Colombian food is varied due to the several distinct regions of Colombia. Popular dishes include bandeja paisa, sancocho (chicken or fish soup with plantain), empanadas (meat-filled turnovers), pandebono and pan de queso (types of cheese-bread), and arepas (corncake similar to a tortilla). Colombian food is popular and well known in South Florida and in Queens County. Some of the most common ingredients are: cereals such as rice and corn; tubers such as potato and cassava; assorted legumes; meats, including beef, chicken, pork and goat; fish; and seafood.

Among the most representative appetizers and soups are patacones (fried green plantains), sancocho de gallina (chicken soup with root vegetables) and ajiaco (potato and corn soup). Representative snacks and breads are pandebono, arepas (corn cakes), aborrajados (fried sweet plantains with cheese), torta de choclo, empanadas and almojábanas. Representative main courses are bandeja paisa, lechona tolimense, mamona, tamales and fish dishes (such as arroz de lisa), especially in coastal regions where kibbeh, suero, costeño cheese and carimañolas are also eaten. Representative side dishes are papas chorreadas (potatoes with cheese), remolachas rellenas con huevo duro (beets stuffed with hard-boiled egg) and arroz con coco (coconut rice).
 
Representative desserts are buñuelos, natillas, Maria Luisa cake, bocadillo made of guayaba (guava jelly), cocadas (coconut balls), casquitos de guayaba (candied guava peels), torta de natas, obleas, flan de arequipe, roscón, milhoja, and the tres leches cake (a sponge cake soaked in milk, covered in whipped cream, then served with condensed milk).
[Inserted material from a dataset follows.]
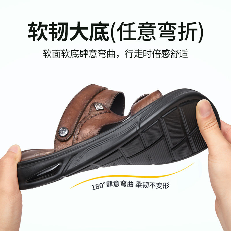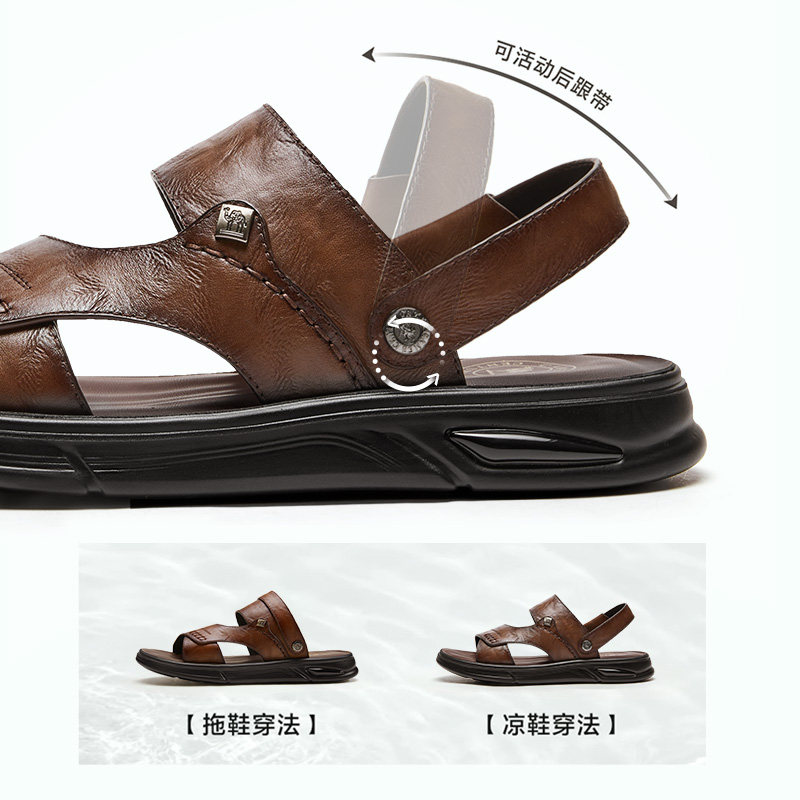 老人头凉鞋男2025夏季牛皮休闲外穿沙滩鞋真皮防滑中老年爸爸拖鞋

Typical sauces (salsas) are hogao (tomato and onion sauce) and Colombian-style ají.

Beverages

Colombian coffee is the world's most popular coffee and is renowned for its high quality and distinct flavor. Though much of the world's quality coffee beans come from Colombia, there are many Colombians Americans that drink instant coffee rather than brewed. It is popularly consumed as a "tinto", meaning black with sugar or panela on the side, or as café con leche, which is a preparation of half coffee and half heated milk.

Some other representative beverages are champús, cholado, lulada, avena colombiana, sugarcane juice, aguapanela, and hot chocolate.

Aguardiente is popular alcoholic drink derived from sugarcane and flavored with anise. It is widely consumed at Colombian parties, and ranges in potency from 20% to 40%. Aguardiente is a variation of the Spanish alcoholic drink.

Colombia cuisine also features a variety of tropical fruits such as cape gooseberry, feijoa, arazá, dragon fruit, mangostino, granadilla, papaya, guava, mora (blackberry), lulo, soursop and passionfruit. Colombia is one of the world's largest consumers of fruit juices. These juices have made their way to supermarkets all across the United States.

Socioeconomics
The annual personal income for Colombian Americans is $25,000, a figure higher than many other Latino groups at $21,900, but lower than that of the U.S. population at $30,000.

The rate of Colombian Americans homeownership is (45%) but lower than the 64% rate for the U.S. population as a whole. This takes into account the younger average Colombian American (Colombino) population.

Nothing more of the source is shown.